It’s amazing to me that like in light of that that we don’t take more seriously the neighborhood into account when we’re looking for houses. We usually look at the floor plans, and the curb appeal, and the school districts, but how many of us like actually go out and walk and knock on doors and get to know and get a feel for what’s happening and the kind of connectivity there is around the neighbors before we make one of the biggest purchases of our lives?
Kristin: I know that and that is so true. I know that when Tony and I bought our house here, I think it’s been almost 12 years, that, no we didn’t think that. I mean we knew the neighborhood and we liked the neighborhood, but it never occurred to us to think about the people that would literally be just feet away from us. It just, it was shocking, now in hindsight that we don’t think of that anymore.

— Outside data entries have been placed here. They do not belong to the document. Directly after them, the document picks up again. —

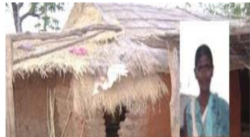
Lata Banka, BPL No- 35 /97, Loinga Village, Harabhanga Block who could not apply for lack of awareness

Check of records of 15 Gram Panchayats revealed that, out of 22636 BPL households (HHs) in the Gram Panchayats (GPs), only 3615 (16 per cent ) applied for the benefit. Due to lack of wide publicity to make people aware of the application procedure, the benefit of the scheme got restricted to a few BPL households.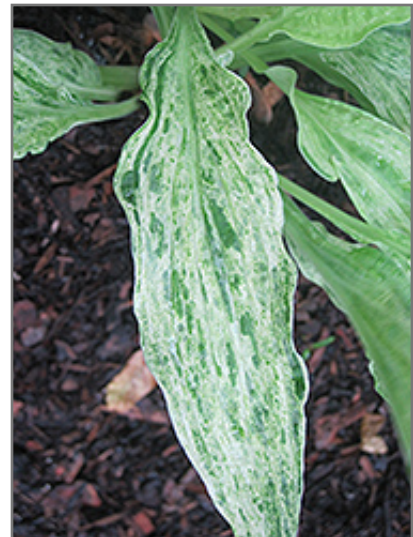
London Fog Hosta foliage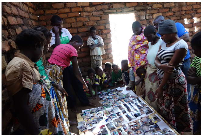
Figure 3 Photovoice focus group discussion in progress in Village 2.

health impacts of the intervention cookstoves; and how any saved time from faster cooking was used.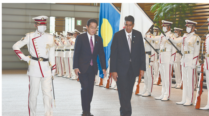
Kishida and Whippis inspect the honor guard during the president's visit to Japan in September. EMBASSY OF THE REPUBLIC OF PALAU

This content was compiled in collaboration with the embassy. The views expressed here do not necessarily reflect those of the newspaper.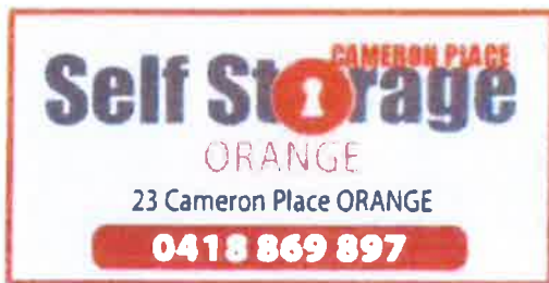
Cameron Place Self Storage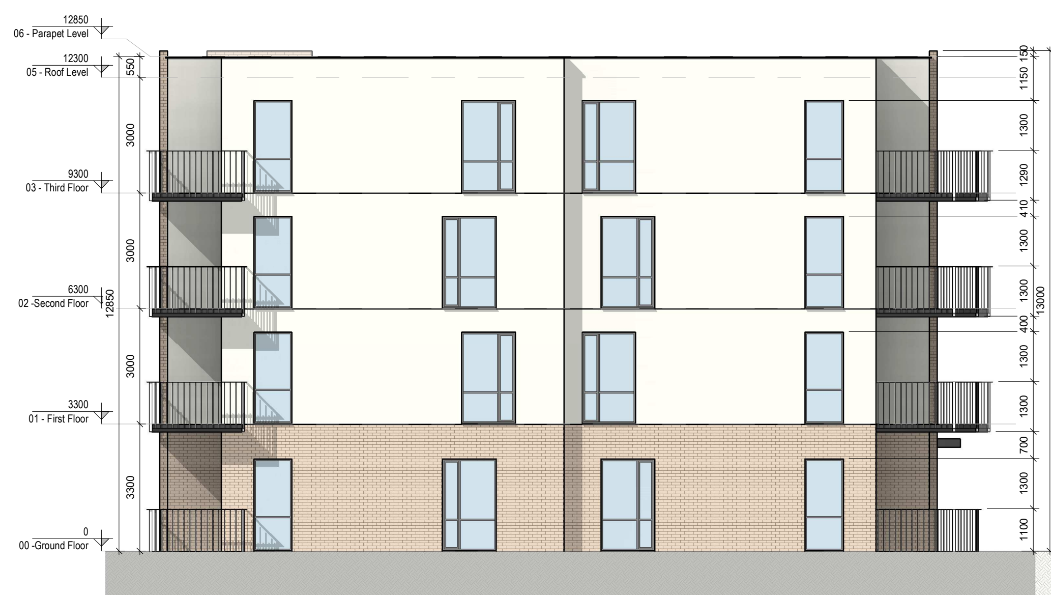
4 Side Elevation 1 1 : 100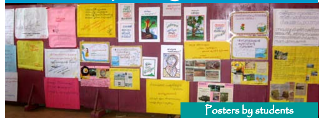
Posters by students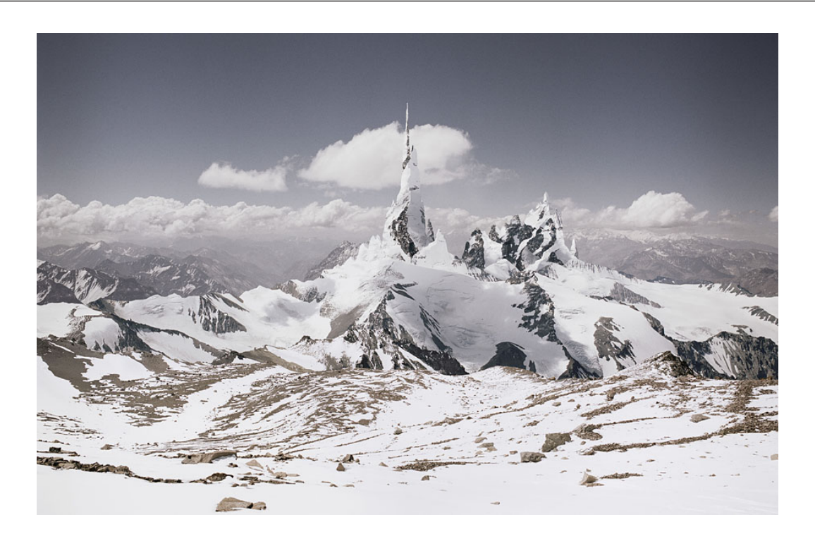
Figure 4. Michael Najjar©, nasdaq_80-09. Courtesy of the artist. <a href="http://www.michaelnajjar.com/">http://www.michaelnajjar.com/</a>

In High Altitude , Najjar also references the eroding boundaries between reality and simulation when he observes: "If the focus used to be on the exchange of goods and commodities, it is now securely on the exchange of immaterial information" (quoted in Anti-Utopias, 2010: Paragraph 4). The images in High Altitude , like works such as The Lost Horizon by artists Mathew Cornford and David Cross, appropriate the metaphors of mountain landscapes to destabilize the promotional signification of the financial industry. As Alistair Robinson (2014: 139) observes: "Each rise and fall is represented as part of a landscape that pushes and pulls at the earth, with market movements becoming monstrous forces being unleashed from under the earth's crust".

Dave: When I talk to a lot of people, Kristin, when I ask them about their childhood and their memories of their neighborhood a lot of people go, “Ah, I remember those days.” I think we all romanticize a lot of our past, so I think there’s a certain element of that but I think by and large we know that, today, with the pace of life that people live, the number of activities that kids are involved in, with technology and the way that it’s so easy to like leave work and keep working, there’s all these different factors. We know that today, there’s way less connectivity with our literal neighbors than there used to be 20 years ago. I think people are yearning for that. I think people are going, “I miss that.” What I’m trying to do and what I love about you, I feel like we are preaching the same message is like we’re just trying to help people rediscover what it’s like to live in community and to really know the people that live right around you.
“…we’re just trying to help people rediscover what it’s like to live in community and to really know the people that live right around you.” – Dave Runyon
Kristin: Yeah. Absolutely because it is. It’s like it’s one part nostalgia and one part now, in the here and now. I totally agree. I hear that too. So something must sort of have clicked or switched. So there was this article in Christianity Today that you wrote a while back. So you touch on this. You reflect on that your time as a pastor was mostly focused on sort of the weekend worship. So here’s this quote that you said. You say, “If this is success in ministry, I have to do something else because it feels pretty empty.” So was that sort of the pivotal moment where this longing in your own life to sort of create a sense of space where you lived happened? Or tell us about that a little.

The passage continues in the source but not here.